At time of diagnosis, mean low-density lipoprotein cholesterol (LDL-C) concentration was 19.6 mmol/l (756 mg/dl). Multimodal LLT resulted in 73% reduction of mean LDL-C concentration including a 62% contribution of LA. Only three children (18%) achieved mean LDL-C concentrations below the recommended pediatric target of 3.5 mmol/l (135 mg/dl). In 13 patients (76%) during chronic LA, neither cardiovascular events occurred nor was CVD progression detected clinically or by routine imaging techniques.

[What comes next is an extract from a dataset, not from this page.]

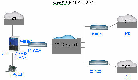 遠(yuǎn)端接入:根據(jù)實(shí)際遠(yuǎn)端中繼數(shù)量,選擇IP MUX4/8/16網(wǎng)關(guān),通過環(huán)路中繼接口連接本地的電信網(wǎng);

In four patients (24%), cardiovascular events documented progression of CVD despite weekly LA, including one death due to coronary and cerebrovascular CVD which was not stabilized after commencing LA. Based on the mutational status, only 6 out of the 17 children were candidates for proprotein convertase subtilisin-kexin type 9 (PCSK9) inhibition. Two already responded with further LDL-C decrease by 40%.

CONCLUSIONS

Next to drug therapy, regular LA is an essential component of LLT for approaching LDL-C targets in children with hoFH or c-hetFH, which was successful only in a minority of children. Progression of CVD morbidity and resulting mortality remain unresolved issues. Early and intensified multimodal LLT guided by risk factors beyond LDL-C concentration is needed to improve outcome.

摘要

背景

家族性高胆固醇血症(FH)可导致早发性心血管疾病(CVD)。脂蛋白吸附(LA)被推荐作为纯合子(ho)FH 的一线降脂治疗(LLT)。

方法

分析了 17 名儿科 hoFH 或复合杂合子(c-he)FH 患者在 18 岁之前在德国开始慢性 LA 时接受多模式 LLT(包括生活方式咨询、药物治疗和 LA)的疗效。

结果

在诊断时,平均低密度脂蛋白胆固醇(LDL-C)浓度为 19.6mmol/L(756mg/dl)。多模式 LLT 使平均 LDL-C 浓度降低了 73%,其中 LA 贡献了 62%。只有 3 名儿童(18%)达到了推荐的儿科目标 3.5mmol/L(135mg/dl)以下的平均 LDL-C 浓度。在 13 名接受慢性 LA 的患者中(76%),既没有发生心血管事件,也没有通过常规影像学技术检测到 CVD 进展。在 4 名患者(24%)中,尽管每周进行 LA,但心血管事件记录了 CVD 的进展,包括一名因冠状动脉和脑血管 CVD 死亡的患者,在开始 LA 后并未稳定。根据突变状态,17 名儿童中只有 6 名是前蛋白转化酶枯草溶菌素 kexin 9(PCSK9)抑制的候选者。其中 2 名患者的 LDL-C 进一步降低了 40%。

结论

除了药物治疗外,定期 LA 是治疗 hoFH 或 c-heFH 儿童 LDL-C 目标的 LLT 的重要组成部分,但只有少数儿童成功。CVD 发病率的进展和由此导致的死亡率仍然是未解决的问题。需要早期和强化多模式 LLT,以风险因素为指导,超越 LDL-C 浓度,以改善结果。